GIVEN RECORDS START

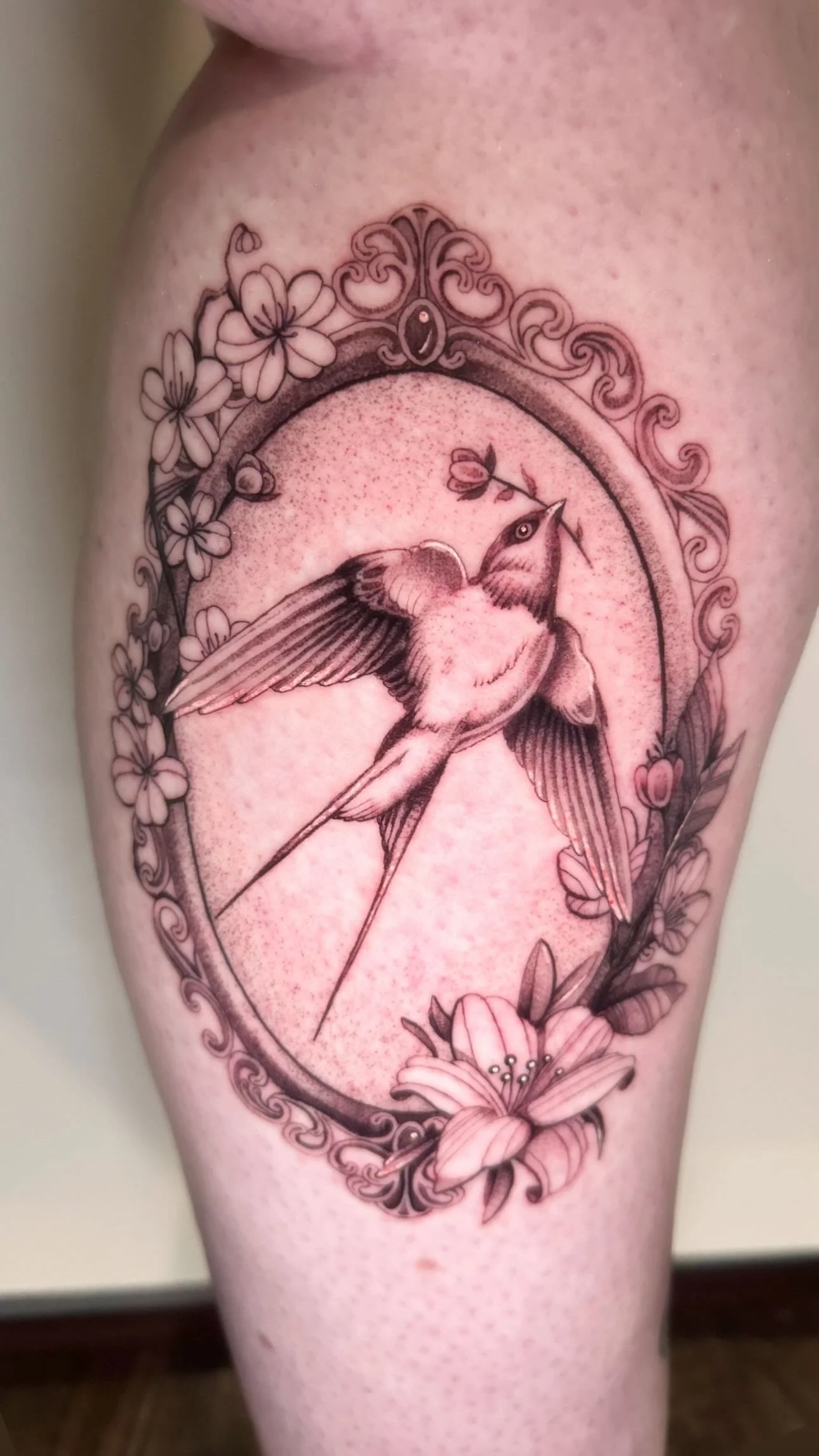 Fine line swallow in a floral frame for @colleen.orahilly ποΈπΌοΈπΈ really love how this one came out!!!
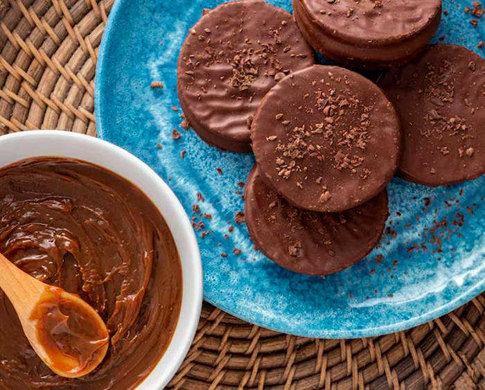 Rellenamos con el dulce de leche entre dos tapas. Derretimos el chocolate en el microondas por intervalos de 30 segundos hasta que quede líquido y pasamos de ambos lados por el chocolate hasta que quede completamente cubierto, con un tenedor sosteniendo la base del alfajor dar golpes secos sobre el borde del bowl para retirar el excedente de baño de chocolate. Colocar sobre una rejilla hasta que el chocolate haya secado.
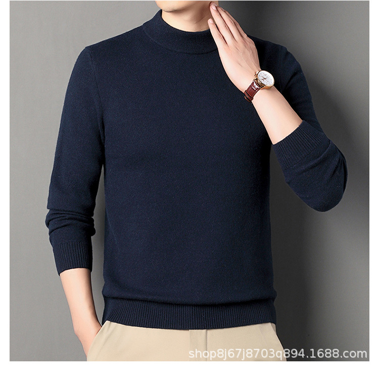 도매 새로운 남성 울 스웨터 남자 하프 터틀넥 터틀넥 솔리드 컬러 울 니트 베이스 셔츠 캐주얼 루즈
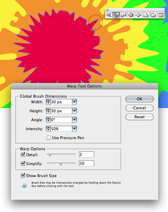 Choose the Warp Tool (Shift-R) and adjust its size by holding down the Alt key while dragging on the Artboard. Hold down the Shift key to constrain the width and height. Alternately, you can double-click the tool in the Tools panel to adjust its settings. Select the red blob, and drag out the spiky shapes with the Warp Tool. If the effect is too strong, or too weak, adjust the intensity in the Warp Tool Options (double-click the tool in the Tools panel).
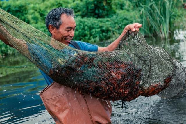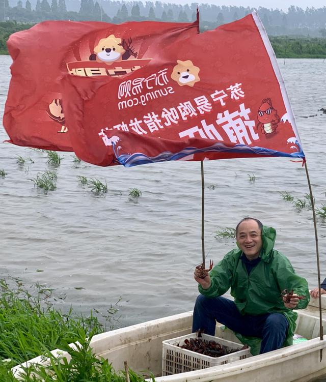 (蘇寧快消集團總裁卞農在蘇寧荊州小龍蝦拼基地撒下今夏小龍蝦第一網)
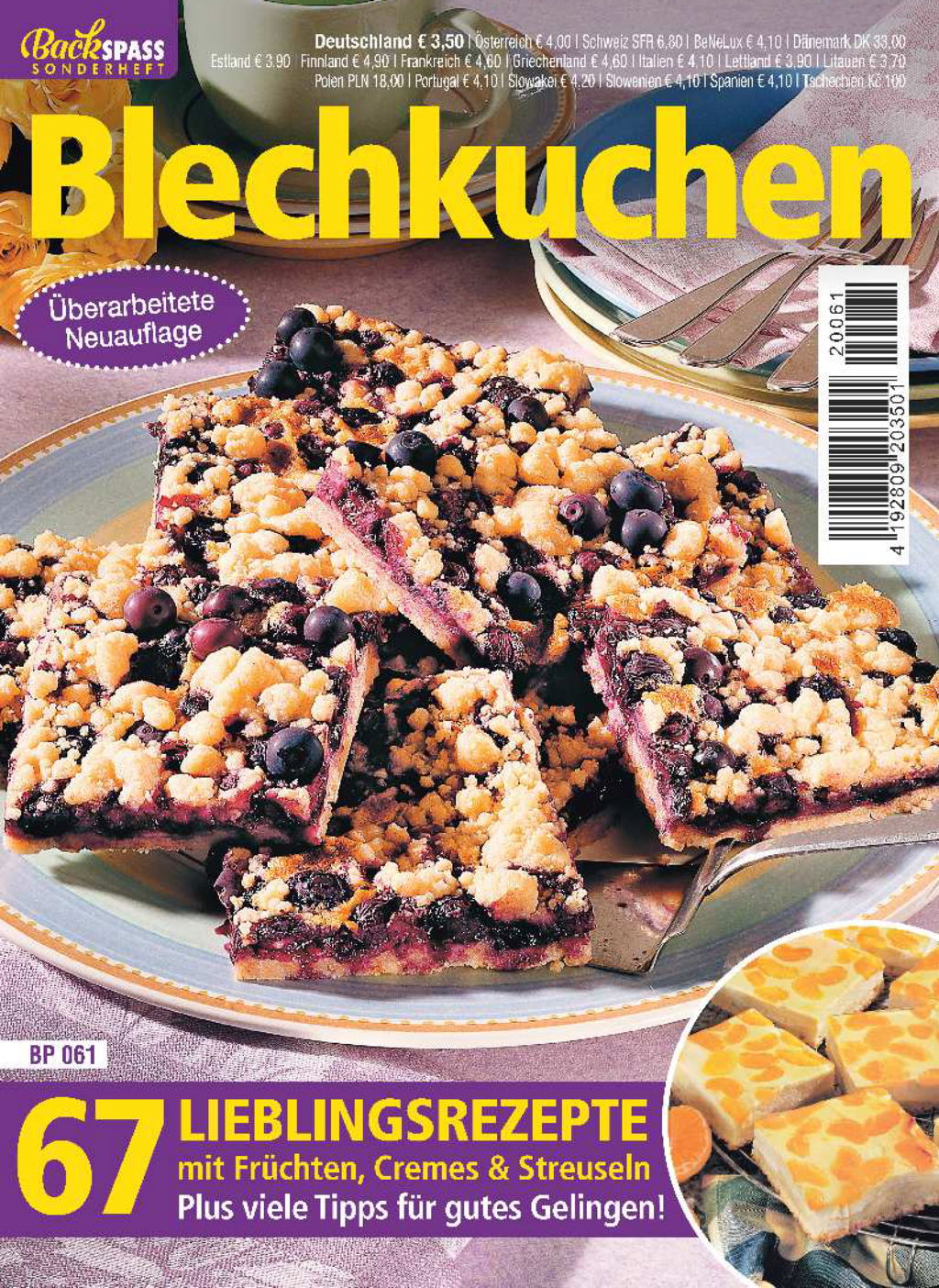 Eine Zeitschrift im praktischen Handtaschenformat voll mit köstlichen Blechkuchenrezepten: 67 Ideen von cremig bis fruchtig. Klassiker mit Kirschen, Beeren und Zwetschgen sowie feine Butter-, Nuss und Streuselkuchen. Besondere Geschmackserlebnisse bringen Milchreis-Teig, Orangensaft-Creme oder Mokka-Glasur, leichter Karibikflair wird mit Rum & Kokos eingerührt. Einige pikante Rezepte runden die Vielfalt ab. Für gutes Gelingen sind in dieser Ausgabe viele Tipps und Tricks zum Backen zu finden.
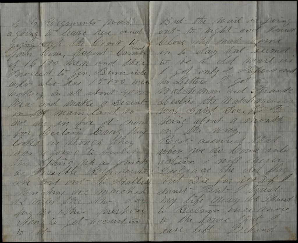 I received your letter dated Exeter, Nov 30th, last night and take the first opportunity to answer it. Those money letters are all accounted for except one with $10 in it and $15 which I sent to Mary by Express. Two letters I sent from Fortress Monroe, each containing five dollars, and directed to Oxford. The next two were written on the Steamer Atlantic, directed to Bradford, $10 in one and $20 in the other, and put in the [Post] Office before we landed. Then after we had got ashore, I got a letter from you written at Orford so I found out you had not returned to Bradford. (and the next two money letters were directed to /this is a mistake, one letter instead of two/ Orford each containing $10. I don’t remember the dates but they were both written after we landed and before the 20th of November. The fifteen dollars I sent by Express was given to the Chaplain on the 20th November and he said a receipt for it would be sent back from Fortress Monroe soon as they could have time to make them out and a boat was coming this way. This receipt is given so that in case the money is lost we can have something to show that we have sent it and the company makes it good. But I have not seen the receipt or heard from the money yet.
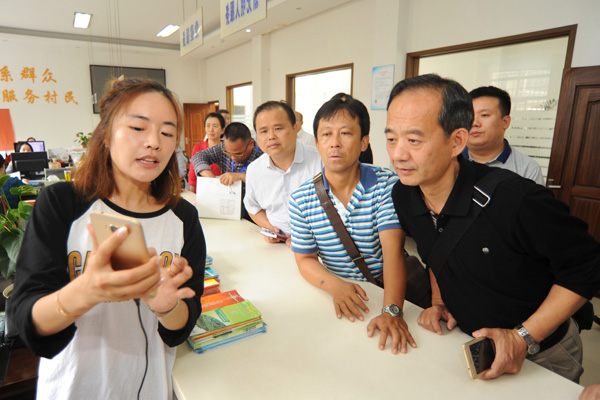 光明村網(wǎng)格員正在向采訪團(tuán)演示“e寧波”平臺(tái)
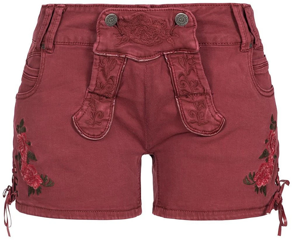 Een mooie wijn rode tiroler korte jeans! Met een leuk tiroler blouse of shirt heb je toch een casual outfit voor een Oktoberfest!
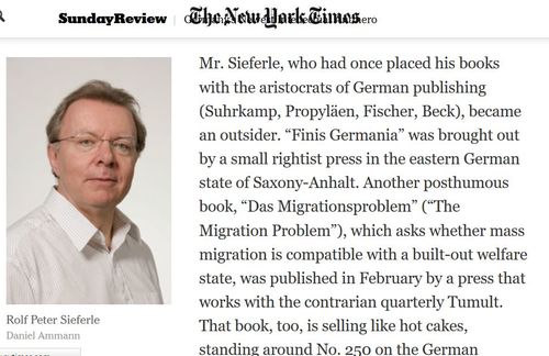 A socialist in his youth like most German intellectuals of the 1968 generation, Mr. Sieferle was drifting out of sync with that tradition by the 1990s. He came increasingly to aim his sarcasm at naïve idealists. At the height of Germany’s refugee crisis two summers ago, he wrote, “A society that can no longer distinguish between itself and the forces that would dissolve it is living morally beyond its means.” …

GIVEN RECORDS END

| DESCRIPTION OF THE TASK |
Set the pictures aside and reproduce exactly the lines above, from the line holding "Eine Zeitschrift im" through the line holding "Een mooie wijn", both included, with nothing else.

| ANSWER TO THIS TASK |
 Eine Zeitschrift im praktischen Handtaschenformat voll mit köstlichen Blechkuchenrezepten: 67 Ideen von cremig bis fruchtig. Klassiker mit Kirschen, Beeren und Zwetschgen sowie feine Butter-, Nuss und Streuselkuchen. Besondere Geschmackserlebnisse bringen Milchreis-Teig, Orangensaft-Creme oder Mokka-Glasur, leichter Karibikflair wird mit Rum & Kokos eingerührt. Einige pikante Rezepte runden die Vielfalt ab. Für gutes Gelingen sind in dieser Ausgabe viele Tipps und Tricks zum Backen zu finden.
 I received your letter dated Exeter, Nov 30th, last night and take the first opportunity to answer it. Those money letters are all accounted for except one with $10 in it and $15 which I sent to Mary by Express. Two letters I sent from Fortress Monroe, each containing five dollars, and directed to Oxford. The next two were written on the Steamer Atlantic, directed to Bradford, $10 in one and $20 in the other, and put in the [Post] Office before we landed. Then after we had got ashore, I got a letter from you written at Orford so I found out you had not returned to Bradford. (and the next two money letters were directed to /this is a mistake, one letter instead of two/ Orford each containing $10. I don’t remember the dates but they were both written after we landed and before the 20th of November. The fifteen dollars I sent by Express was given to the Chaplain on the 20th November and he said a receipt for it would be sent back from Fortress Monroe soon as they could have time to make them out and a boat was coming this way. This receipt is given so that in case the money is lost we can have something to show that we have sent it and the company makes it good. But I have not seen the receipt or heard from the money yet.
 光明村網(wǎng)格員正在向采訪團(tuán)演示“e寧波”平臺(tái)
 Een mooie wijn rode tiroler korte jeans! Met een leuk tiroler blouse of shirt heb je toch een casual outfit voor een Oktoberfest!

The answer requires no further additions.